# SUPPLIED RECORDS
-=-=-=-=-

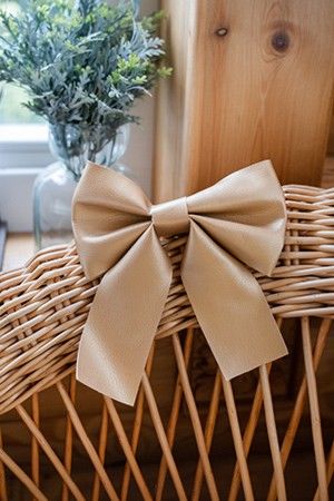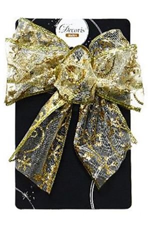 Золотой бант с оригинальной фактурой гармонично впишется в любое дизайнерское решение – захотите ли вы украсить праздничный стол, шторы или иные детали интерьера. Подойдет и для новогодней елки, и для рождественского венка, и для гирлянды.
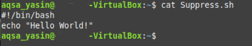 We can also display the contents of our Bash script file on the terminal by using the “cat” command. Before suppressing the output of the “cat” command, we would first like to show you its actual output. For that, you need to run the “cat” command as follows:
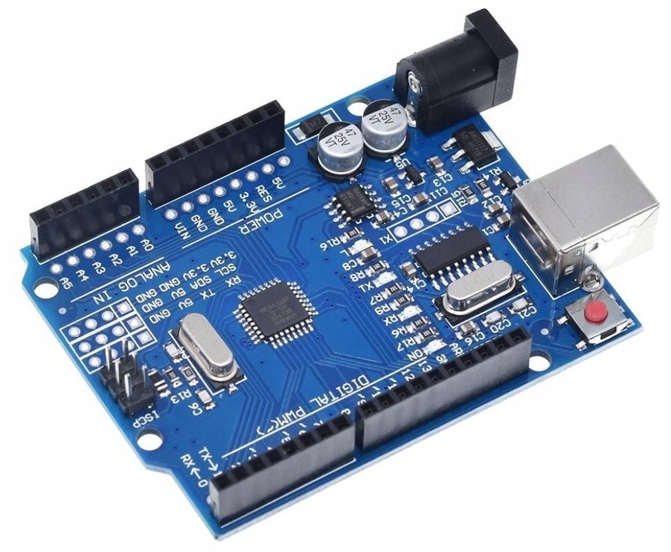 Это главный элемент, который позволяет программировать и управлять остальными компонентами. Модуль на основе микроконтроллер ATmega328P, имеющий 14 цифровых выводов ввода / вывода, 6 аналоговых выводов входы, разъем USB для связи с компьютером и питание через порт или внешний аккумулятор. Это делает его идеальным для изучения и выполнения многих проектов.
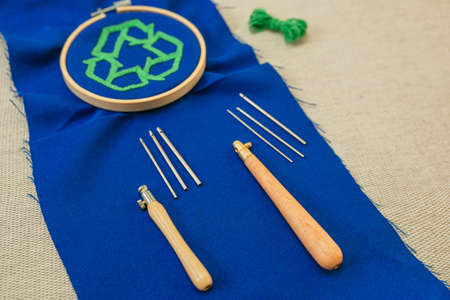 A set of two punch needles diassembled and embroidered project in a hoop on blue fabric blurred on the background. Concept of punch needles as craft instruments.
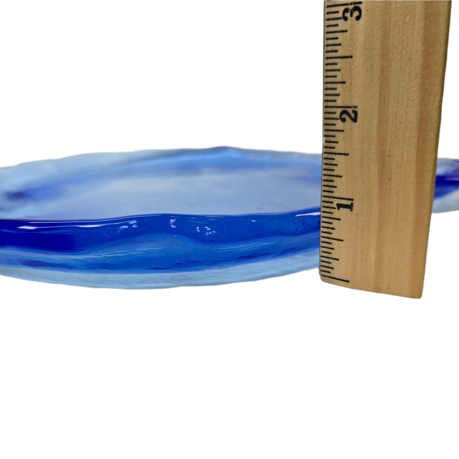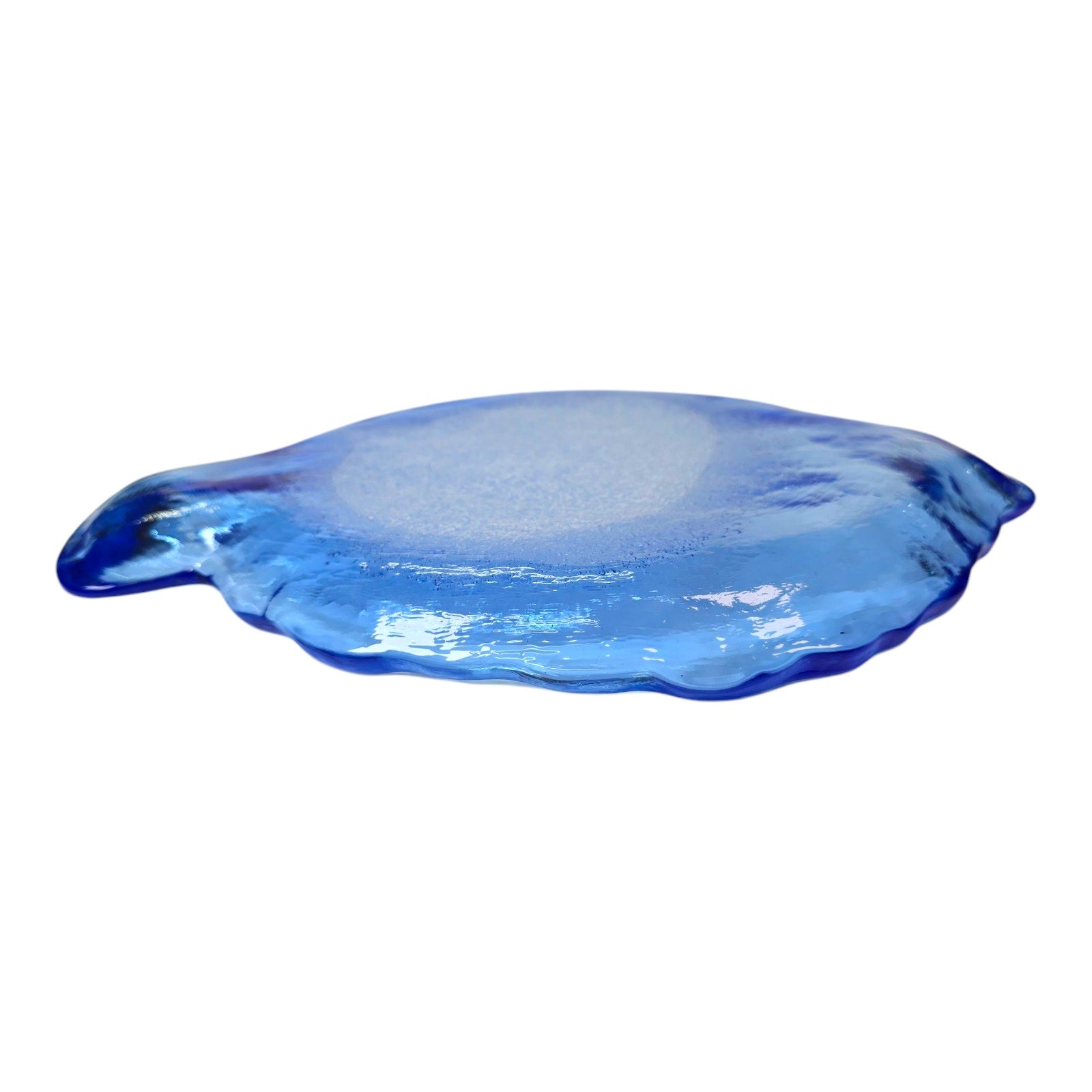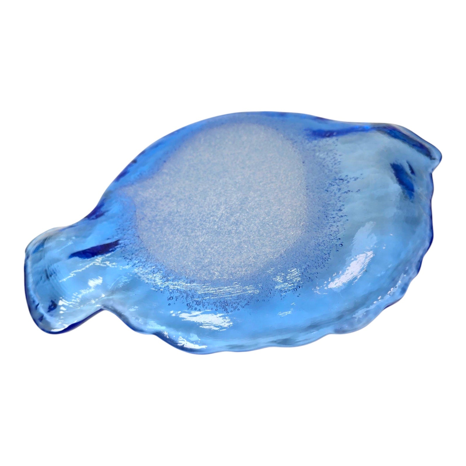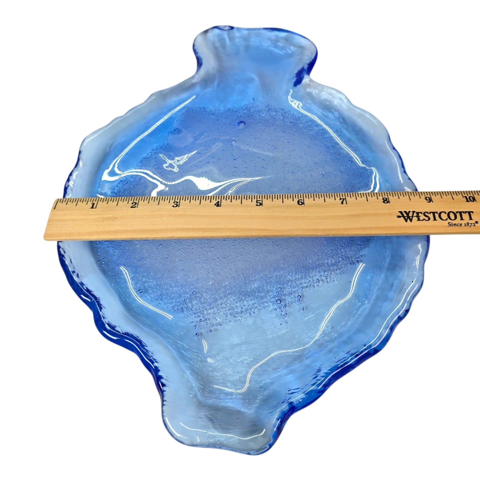 Vintage AMICI Fish Dish Made in Italy Bubble Art Glass Thick Recycled Glass Blue
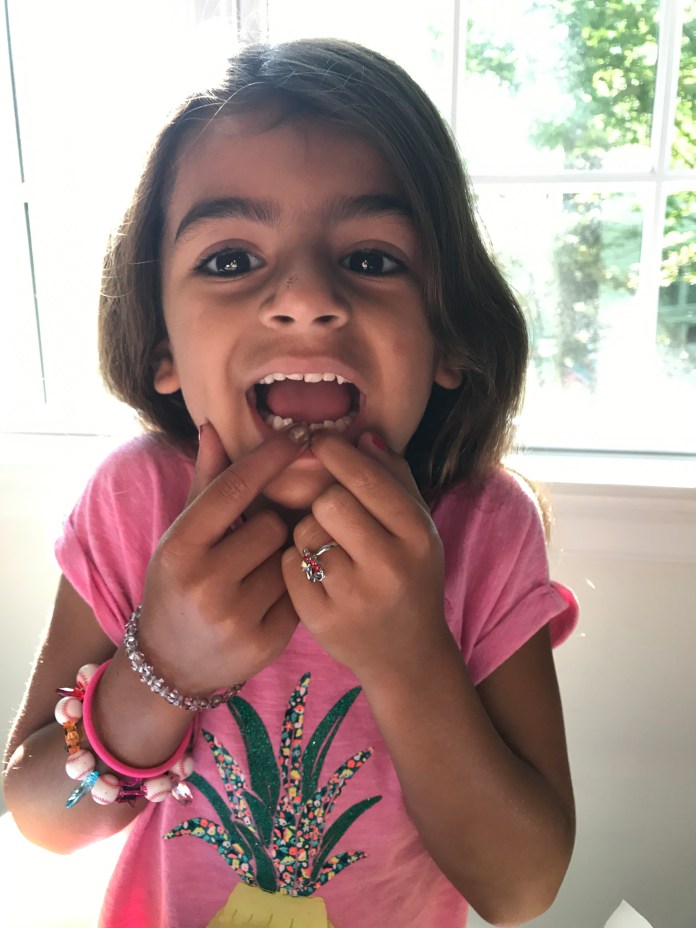 I will openly admit I'm a stress case in a lot of ways. In things that I can't control or in "firsts" I overthink it to a point of no return. So about three months ago when Emma was at the dentist and he said she had two loose teeth and two growing in behind it I jumped into action. (I'm also afraid someday she will discover this blog so keep that in mind while reading — another bit of that overthinking problem I have). So yeah, I called up the tooth fairy reminding her that I was about to have a situation on my hands that I was stressed about so I'd need to get my hands on that special tooth case and be at the ready for any situation. After all this was going to be a big deal. First tooth in 6 years. Damn I remember when she was endlessly chewing on Sophie the giraffe in the grocery store and when I took it out I spotted two little white spots those same two teeth growing in! Man this is hard. So speed up to months of poking, prodding, pulling, pushing, a little crying, and a lot of stress with this tooth. Still nothing. I mean we ended school, started summer, kept pulling and the tooth just wasn't coming out. The teeth behind were coming in!! Still nope. In fairness I also wanted be sure I was completely ready for this situation. Like in no way could I be drinking rose if the tooth fairy was about to descend on my house or could it be when I had a stressful day coming up at work because if that tooth fairy woke up Emma well that would be an fng nightmare right? So the days continued to go on and finally when that thing was hanging by a thread Nana pulled it — and all day I stressed about how the night would go. I would have to let the tooth fairy know that Emma takes a 10 pm pee and not to do anything before the first bathroom break. I'd also have to be prepared that if the tooth fairy woke Emma up by accident she must be armed with appropriate answers. What a stressful job this fairy has.

-=-=-=-=-

# REQUIRED ACTION
Using the listing above, restate exactly the range between the lines holding "We can also" and "Vintage AMICI Fish", inclusive, with pictures left out.

# YOUR RESPONSE
 We can also display the contents of our Bash script file on the terminal by using the “cat” command. Before suppressing the output of the “cat” command, we would first like to show you its actual output. For that, you need to run the “cat” command as follows:
 Это главный элемент, который позволяет программировать и управлять остальными компонентами. Модуль на основе микроконтроллер ATmega328P, имеющий 14 цифровых выводов ввода / вывода, 6 аналоговых выводов входы, разъем USB для связи с компьютером и питание через порт или внешний аккумулятор. Это делает его идеальным для изучения и выполнения многих проектов.
 A set of two punch needles diassembled and embroidered project in a hoop on blue fabric blurred on the background. Concept of punch needles as craft instruments.
 Vintage AMICI Fish Dish Made in Italy Bubble Art Glass Thick Recycled Glass Blue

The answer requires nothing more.